Luxury cars are lining up in front of the Bando Hotel. Foreigners, women in fur coats and gowns and men in tails, are entering in pairs as if waltzing.
“Will you be okay, Alice?” Joseph sounds worried. “Go wash up and rest. You may have to cut your hair and use something strong to get the paint off. Here, give me your scarf.” He takes my scarf off my neck and puts it over my head.
I look at my reflection in the car window. Bright yellow hair pokes out from under the scarf. It’s funny and terrifying at the same time. I kiss him on the cheek. “Good night. Let’s talk tomorrow.”
“Alice,” Joseph calls as I’m about to get out of the car.
“Go finish your assignment. I have to clean this up.” I point at my hair and smile.
Joseph nods sorrowfully. “Okay. Sweet dreams.”
I watch Joseph’s car get smaller in the darkness, then go into the hotel. It’s crammed with excited people hoping to attend Marilyn Monroe’s farewell reception. I find a newspaper next to an ashtray and hide behind the paper as I step into the elevator. It lifts up into the air with a baritone groan. I’m riveted by the article in front of my nose, reading it over and over again. A maid has killed her employer’s children. The young maid had been raped by her employer and, after miscarrying the baby, she had pushed his children over a ravine to their deaths. The maid explained calmly that she was glad. I remember the raging, despairing girl I had seen hunched in the cold corridor of the clinic. The world hadn’t granted her any kindness or peace. It weighs heavily on me. I’m not sure I can stand straight. The elevator stops and holds me still but I’m already free-falling into the girl’s deep, troubled eyes.
Thankfully I make it to the room without encountering anyone. Open suitcases are strewn about near the bed. I stagger towards the vanity. Marilyn’s makeup bag
is wide open. I sit down and take the scarf off my head.
I’m looking at a blonde Alice. The yellow paint is drying, crusted on my hair, and it smells awful. It has covered nearly all of my head. My blondness isn’t fatally seductive; it’s slightly sad. I look like an actress now; I decide that I will act the part of a woman who is betrayed by a man and chooses a tragic end.

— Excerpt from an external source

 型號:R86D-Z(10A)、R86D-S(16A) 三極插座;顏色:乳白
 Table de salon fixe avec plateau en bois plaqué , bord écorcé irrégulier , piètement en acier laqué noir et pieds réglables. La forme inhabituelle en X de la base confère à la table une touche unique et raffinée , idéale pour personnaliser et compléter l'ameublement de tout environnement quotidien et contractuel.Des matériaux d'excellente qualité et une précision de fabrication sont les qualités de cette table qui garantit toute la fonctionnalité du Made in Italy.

I rummage through the bag for lipstick. I find a tangle of perfume and makeup and high-end brushes made of weasel fur. I take out a red lipstick and smear it on crookedly. It’s bold and beautiful. But now I don’t like how my face looks. I find two boxes of Coty powder. One is the real thing and the other, as I expected, is filled with phenobarbital pills.

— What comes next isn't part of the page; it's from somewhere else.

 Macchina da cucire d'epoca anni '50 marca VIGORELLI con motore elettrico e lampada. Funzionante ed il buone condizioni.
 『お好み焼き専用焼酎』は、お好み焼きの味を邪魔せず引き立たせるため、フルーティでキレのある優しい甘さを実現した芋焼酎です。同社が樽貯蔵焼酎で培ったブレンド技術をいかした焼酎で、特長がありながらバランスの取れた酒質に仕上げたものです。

I take them out and move to the bed. The small messengers of death are snug in my palm. They’ll coast through my bloodstream, singing and dancing all night long, until I fall asleep. Around their last dance, my soul will say goodbye to my body. I spot a glass of whiskey next to the bed. I drink some down. My mouth is on fire. I bring the pills to my lips.
“Alice?”
I flinch and drop the pills, and they thud onto the floor like bullets. I turn around. Marilyn is standing right behind me, looking surprised. Our mouths hang open as we stare at one other.

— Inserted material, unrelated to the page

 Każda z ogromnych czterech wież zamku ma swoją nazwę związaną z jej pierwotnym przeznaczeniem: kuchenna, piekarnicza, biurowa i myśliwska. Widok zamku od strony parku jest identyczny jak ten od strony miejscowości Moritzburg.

I recover quickly. “Oh, I’m sorry. I was trying to clean up but I made more of a mess.” I kneel on the floor, trying to hide my flustered state, and pick up the pills.
Marilyn hurries to bend over and help. Hunching over in her sparkling white dress, she looks like a pretty trumpet-shaped shell. She keeps stealing glances at me.
I put the pills back into the sweet-smelling Coty box.
“And your hair!” Marilyn exclaims.
“What do you think? Do you think I look a little more like you?”
She tugs at me and drags me to the mirror. It looks like I’m wearing a broom. Or maybe the sun. Marilyn opens her mouth and closes it, studying me quizzically, before bursting into a gale of laughter.